Record extracts →
* * *

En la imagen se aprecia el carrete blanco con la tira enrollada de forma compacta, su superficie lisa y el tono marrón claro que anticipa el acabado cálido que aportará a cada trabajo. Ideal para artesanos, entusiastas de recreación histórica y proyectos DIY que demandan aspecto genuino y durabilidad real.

* * *

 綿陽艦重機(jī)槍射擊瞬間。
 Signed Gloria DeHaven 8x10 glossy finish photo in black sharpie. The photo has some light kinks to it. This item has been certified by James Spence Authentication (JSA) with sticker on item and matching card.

* * *

Assignment →
Your answer must consist solely of the lines above between the line holding "綿陽艦重機(jī)槍射擊瞬間。" and the line holding "Signed Gloria DeHaven", inclusive, copied exactly.

Task output →
 綿陽艦重機(jī)槍射擊瞬間。
 Signed Gloria DeHaven 8x10 glossy finish photo in black sharpie. The photo has some light kinks to it. This item has been certified by James Spence Authentication (JSA) with sticker on item and matching card.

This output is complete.